Not surprisingly, the prospect brought some relief to the troubled US bond market, bringing down the yield on the benchmark 30 year bond. The short term woes will return, however. The US economy is at that stage of the business cycle where growth will weaken and inflation will pick up. This will be reflected in yields despite the likely shortage of supply.
In the longer run, however, the staggering improvement in the US government's finances is of huge importance and benefit to the economy. Most obviously, the less interest the government has to pay, the more money it has to spend on education, health and bridges. A fall of 3 basis points in its cost of borrowing frees $1bn a year of government expenditure.
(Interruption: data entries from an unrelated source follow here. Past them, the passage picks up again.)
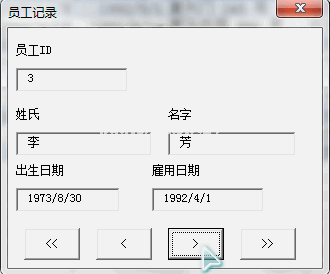 用户表单名称:ufEmployee用户表单标题:员工从上到下、从左到右记录在用户表单中。创建以下控件:员工ID文本框名称:tbxEEIDTag:Field0姓氏文本框名称:tbxLastNameTag:Field1名字文本框名称:tbxxfirst nametag:field 2出生日期文本框名称:tbxxblockdatetag:field 3就业日期文本框名称:tbxHireDateTag:field 4命令按钮名称:cmdfirstcaption:标记:buttonfirst命令按钮名称:cmdPrevCaption:标记:ButtonPrev命令按钮名称:cmdNextCaption:标记:ButtonNext命令按钮名称:cmdstcatoption
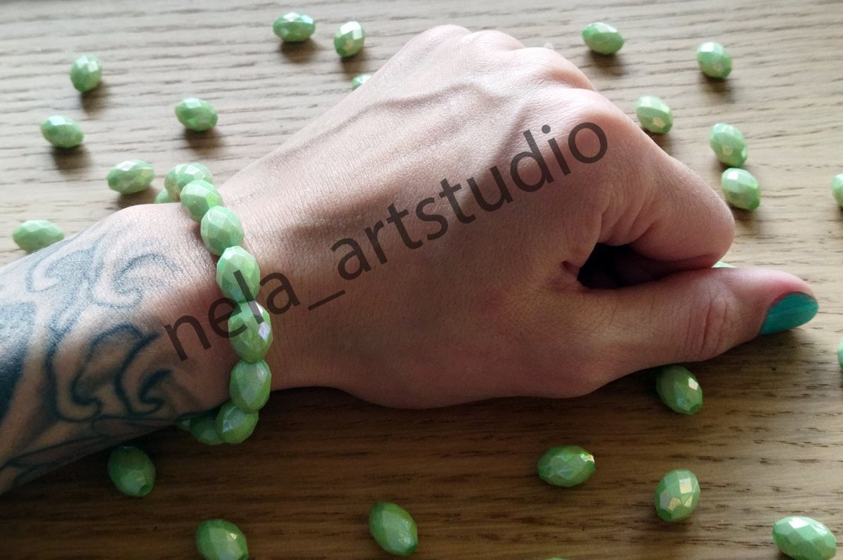 Akrylové, fasetované korálky s leskem ve tvaru oválu 12x8mm + elastická lycra 0,8mm (pružný návlekový materiál), průvlak cca 1,8mm.
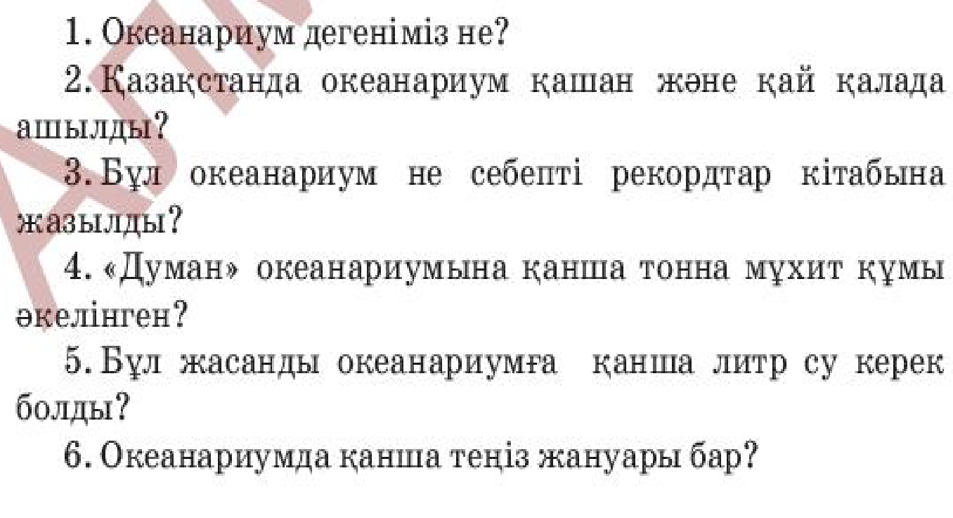Жасанды мұхит туралы мәтін оқиды; сандарды дұрыс оқуға және жазуға, айтуға үйренеді. |
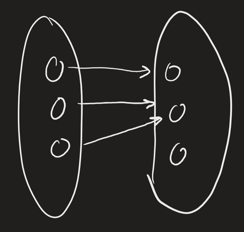 Ja det var ju bra. Men den är definitivt inte bijektiv heller, så då är den ingen av de tre. Det visste jag inte var möjligt

Indirectly, lower bond yields also mean lower borrowing costs for businesses and households. In fact, the length and strength of the US economic expansion are closely related to the Clinton Administration's early and determined efforts to cut the massive deficits inherited from Presidents Reagan and Bush.
Many Democratic activists resented the demands of fiscal orthodoxy at the time, as it meant giving up hopes of expanding spending programmes. James Carville, the tough Clinton election adviser, famously said that if he wanted real power he'd like to be reincarnated as the bond market. This was just about the time Alan Greenspan persuaded Clinton it was worth giving up on the spending for the sake of the reduction in long-term interest rates.
The result has been the second longest expansion on record, likely to turn into the longest next January. Never mind the technological revolution and the stock market. Deficit reduction has been the secret ingredient in America's economic miracle. Debt reduction could well sustain it. The US has set an example of the benefits of financial orthodoxy which some European governments, whose budget plans one analyst described yesterday as "quantified escapism", would do well to copy.